President Obama Needs to Replace Doha Round Agenda with WTO Turnaround Plan
Statement of Lori Wallach, Director, Public Citizen’s Global Trade Watch Division
By Public Citizen's Global Trade Watch
Listening to government statements at this World Trade Organization (WTO) ministerial, it is clear that the WTO is seen as a cause of the current financial, food and climate crises rather than a cure and requires significant change, but it also is clear that no country wants to be blamed for ending the Doha Round and demanding a new WTO review-and-repair agenda.

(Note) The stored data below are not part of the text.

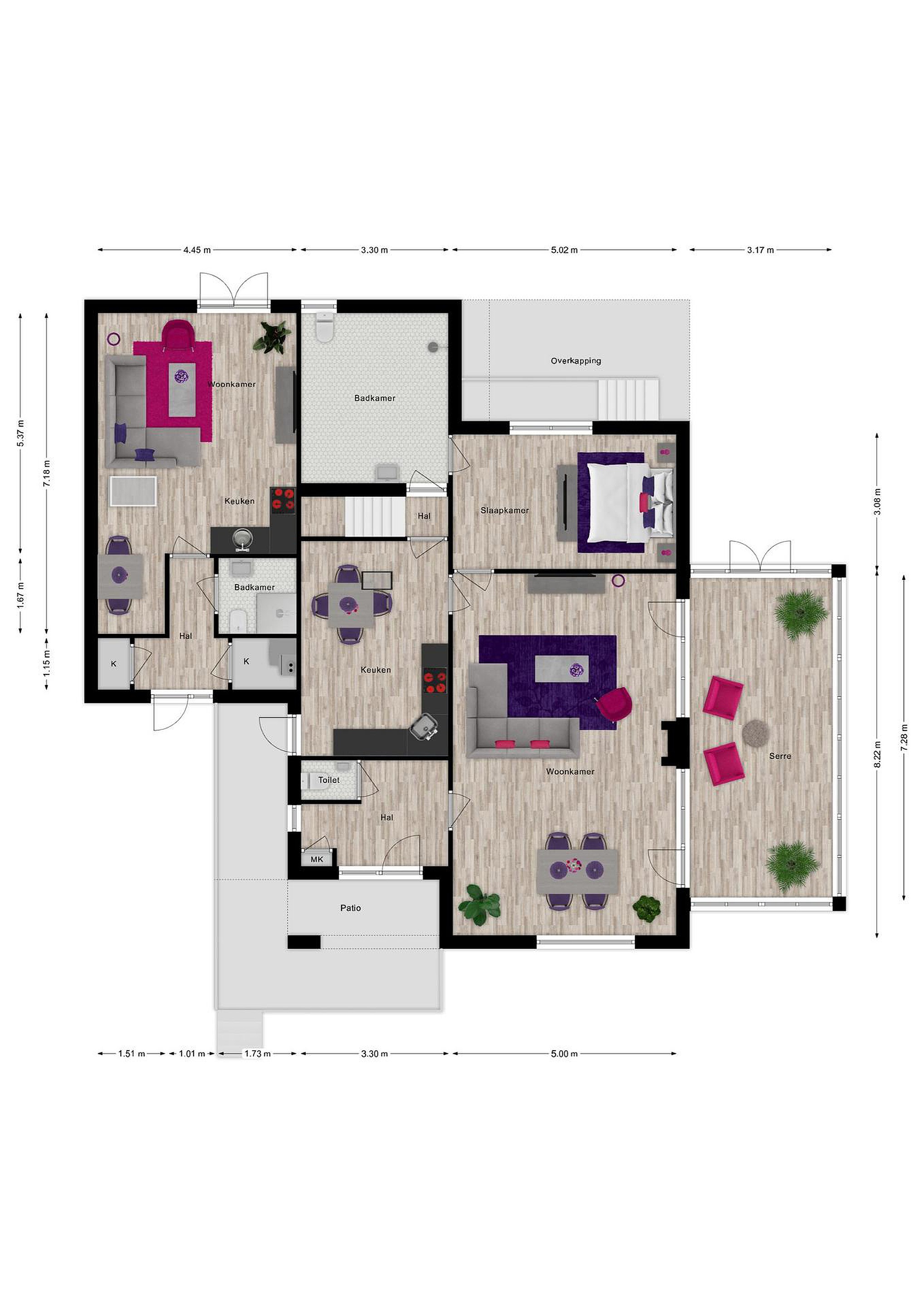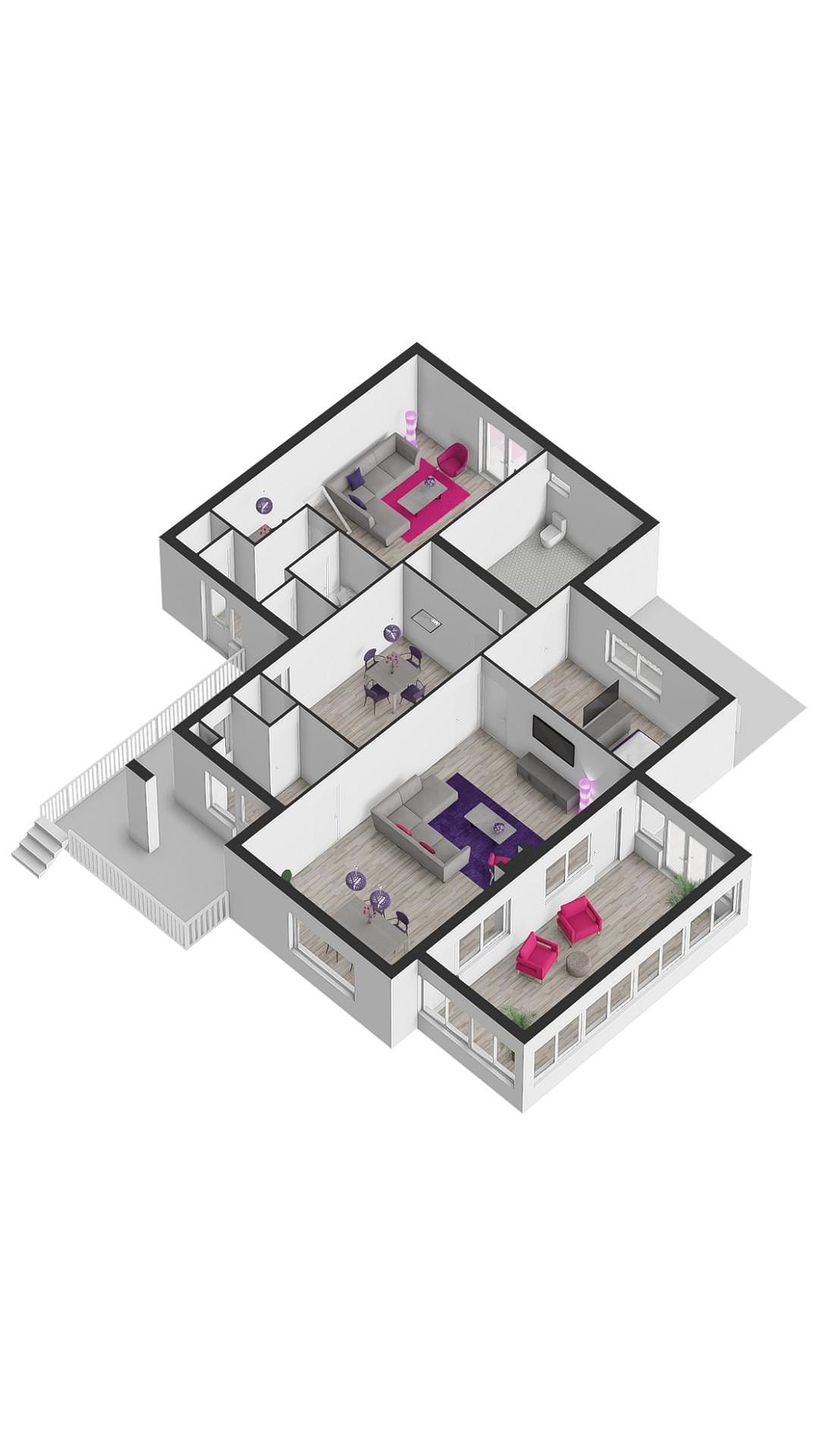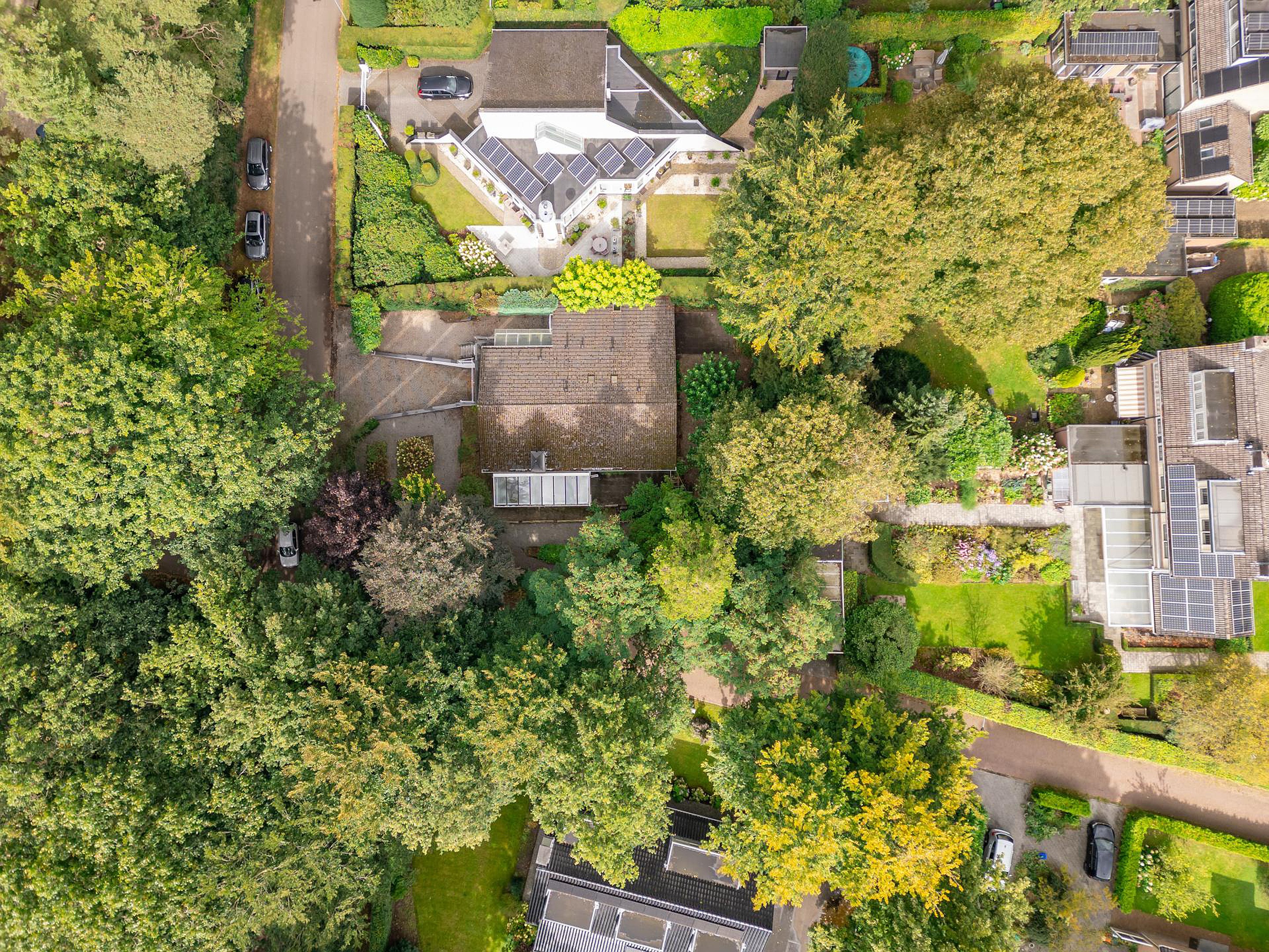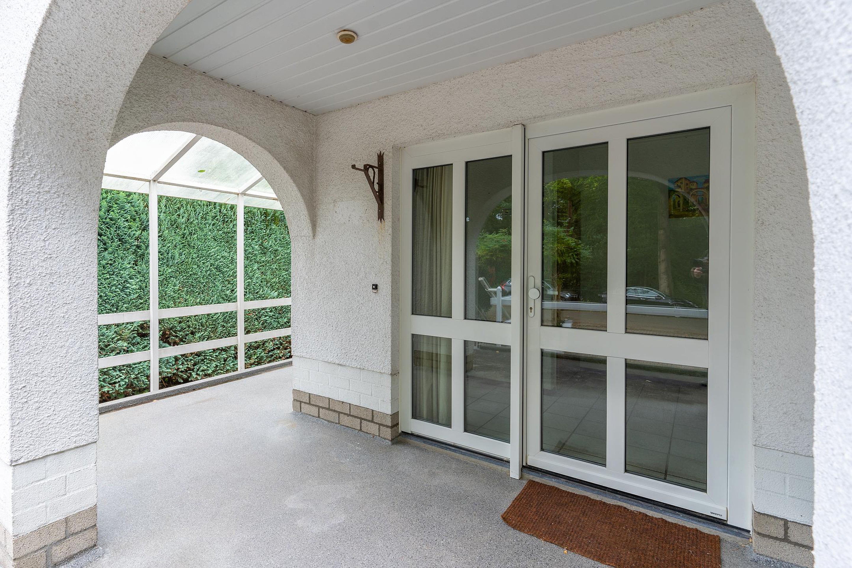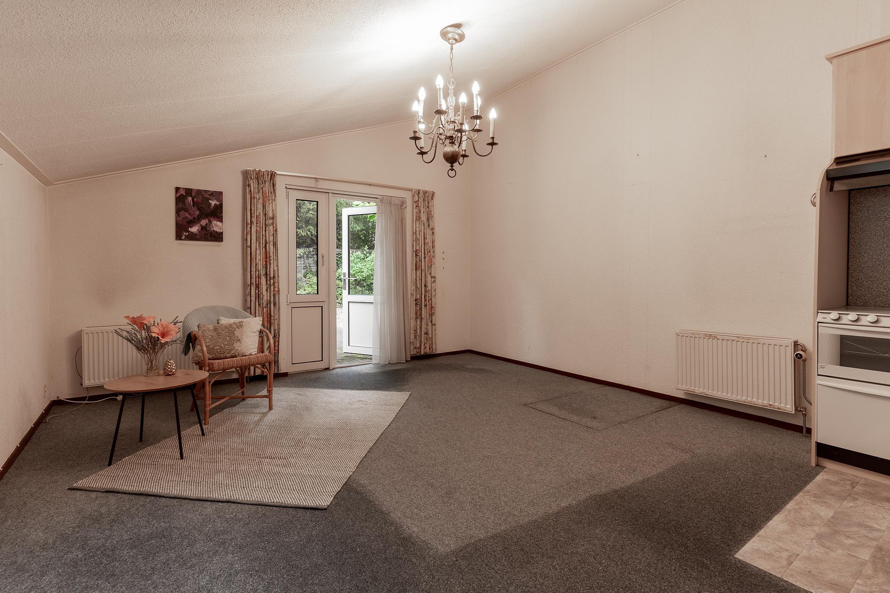 Via een ruime patio kom je binnen in de lichte hal met toilet. De royale woonkamer is omringd door grote raampartijen die uitzicht bieden op de voor- en zijtuin. Aangrenzend bevindt zich een sfeervolle serre — een heerlijke plek om te eten, te lezen of gewoon te genieten van de tuin, elk seizoen opnieuw.
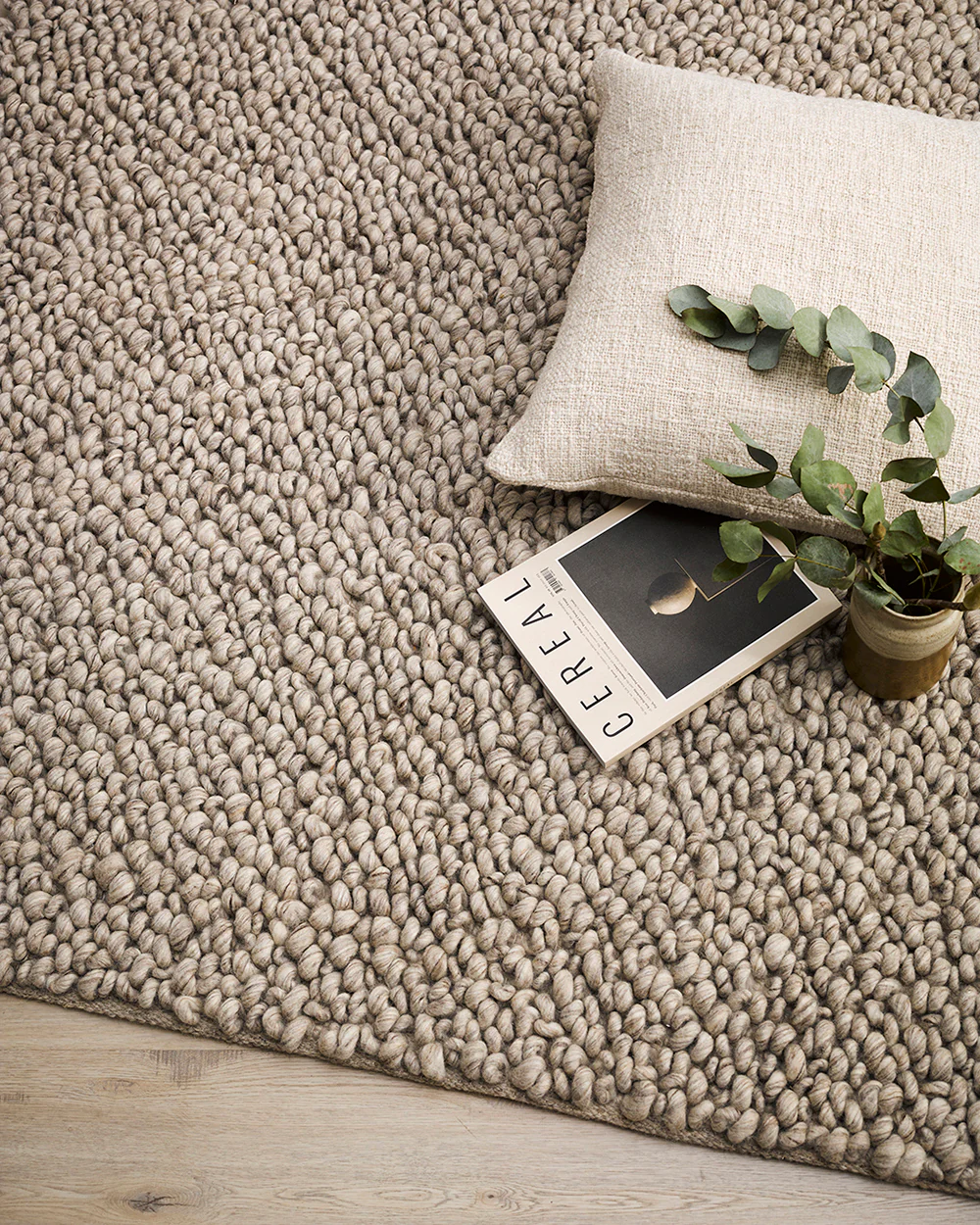 Immerse yourself in the incredible texture of the Mackenzie floor rug. Handcrafted from a blend of New Zealand wool, the generous loop pile feels beautiful underfoot and creates a cosy and relaxed ambiance. The subtle taupe colourway is an effortless addition for a grounded and restorative space.
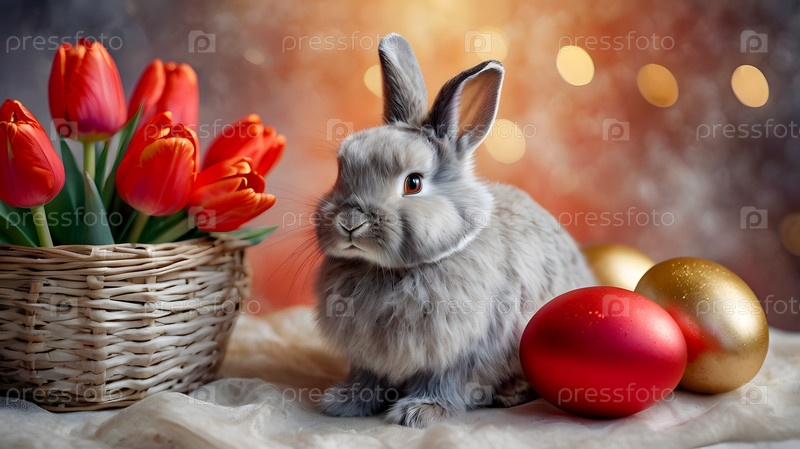 Концепция яркого пасхального праздника. Яркие пасхальные яйца в плетеной корзине, кролик и ярко-красные цветы на пастельно-водяном фоне
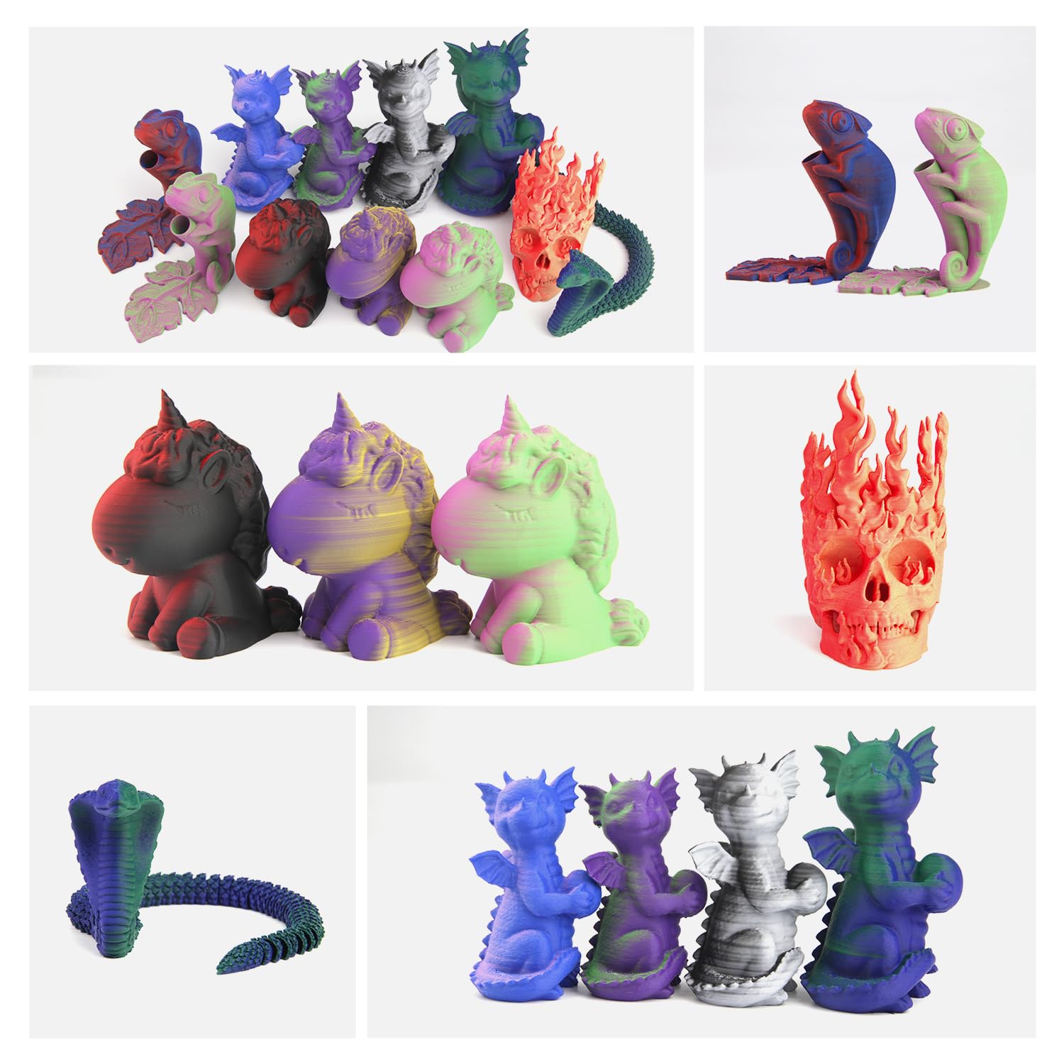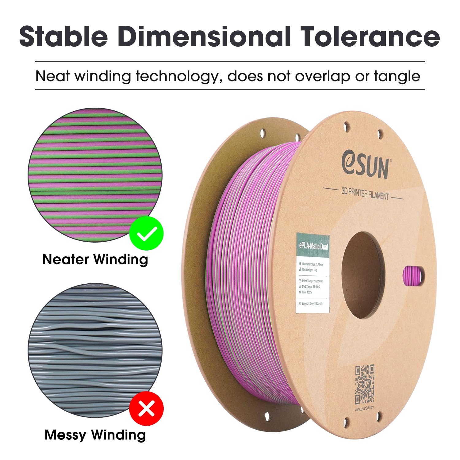 - 【Delicate Dual Color Matte PLA】With excellent matte printed surface, eSUN Dual Color Matte PLA has dual color coextrusion printing effect and displays a sense of color hierarchy while maintaining color separation, making the appearance of the model both rich and delicate. It doesn't have obvious layer lines than normal PLA. Not easy to break. Supporting structure of it is easy to peel off.
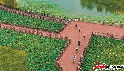 骑行车队行进在大沙河湿地公园。
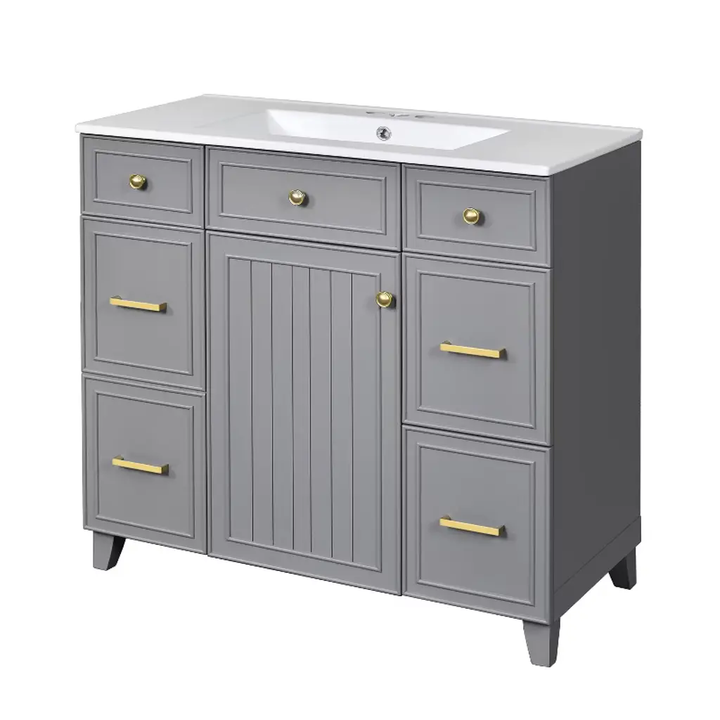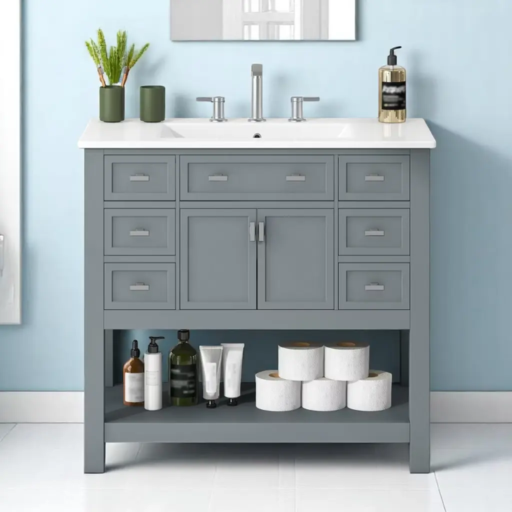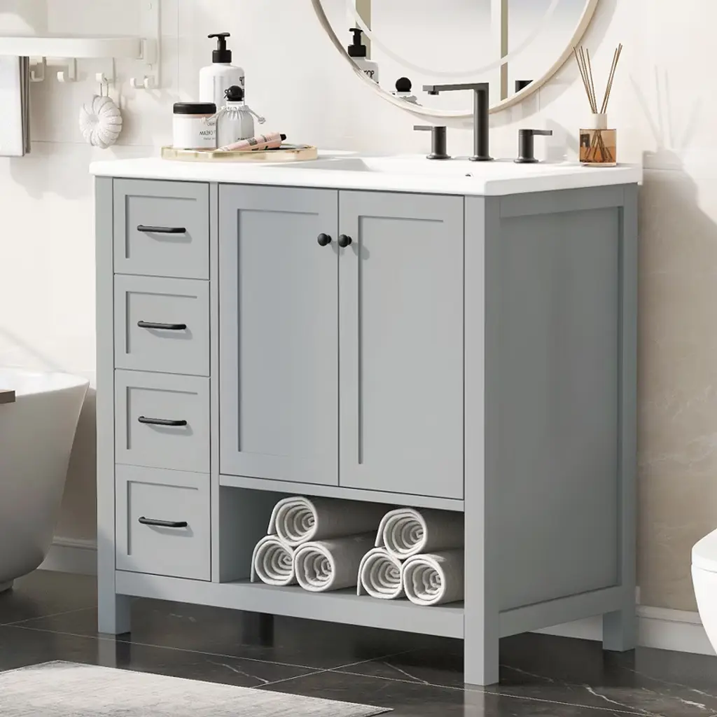 Product Overview Enhance your bathroom with this elegant 36" freestanding vanity, designed for both durability and functionality. Crafted from solid poplar, rubber wood, and high-quality MDF boards, it features a painted finish that’s water- and stain-resistant. The vanity includes a ceramic sink with a sleek rectangular shape and a spacious design, perfect for daily use. Its modern style and ample storage make it a standout piece in any bathroom renovation or upgrade. Product Features Durable Materials: Constructed from solid poplar, rubber wood, and MDF board with a smooth painted finish for long-lasting performance and easy maintenance. Spacious Ceramic Sink: The white ceramic sink features an integrated overflow, flat edge, and 4" centerset faucet compatibility (faucet not included). Its half-moon design maximizes basin space. Ample Storage: Includes one cabinet with door, one functional drawer on the left, two drawers on the right, and a lower open shelf—ideal for organizing towels, toiletries, and other essentials. Customizable Drawer Divider: The left drawer features removable and repositionable panels to accommodate various storage needs. Soft-Close Hinges: Built-in hardware ensures smooth and quiet door operation, reducing wear over time. Easy Assembly: Comes with all necessary hardware and clear instructions. Includes anti-tip device for added safety. Specifications Color: Grey Material: Solid Poplar, Rubber Wood, MDF Board, Ceramic Vanity Dimensions: 36.02"L x 18.31"W x 34.10"H Cabinet Base: 35.50"L x 18.00"W x 32.90"H Sink Top: 36.02"L x 18.31"W x 4.7"H Edge Thickness: 0.7" Faucet Mount: 4" Centerset (faucet not included) Sink Type: Undermount / Drop-in Sink Location: Center Number of Sinks: Single Number of Doors: 1 Number of Drawers: 3 Adjustable Shelf: Yes Mounting Type: Freestanding Finish: Painted Style: Modern Capacity: 200 lbs Weight: 116.4 lbs Top Weight: 35 lbs Top Depth: 6.69" Assembly: Required Country of Origin: Vietnam Suitable Scenarios Perfect for modern bathrooms, powder rooms, or guest bathrooms seeking extra storage and style. Ideal for homeowners needing both drawer and cabinet space in a compact freestanding vanity design. Notes Assembly is required. All hardware and instructions are included. Faucet not included. Actual color may vary slightly due to lighting or monitor settings.

As a result, there has been a schizophrenic theme at this summit of developing countries issuing the required I-am-not-to-blame-for-ending-the-Doha-Round defensive announcement that they, of course, want a quick completion of the Doha Round while then proceeding to announce the deep problems with the current agenda and how it must be fundamentally changed. One of the more dramatic examples of this conflicted approach is represented by the statement of the G-23 bloc of countries – those hardest hit by the world food price crisis.
At this week’s ministerial, the WTO Doha Round was too toxic to be put on the agenda. In other words, this has been a WTO summit at which negotiation is not on the agenda. The WTO boosters knew that one more collapsed WTO summit and the WTO expansion idea would certainly be derailed. However, it’s been too dangerous to get together for four years and this has caused an increasing crisis of legitimacy for the WTO.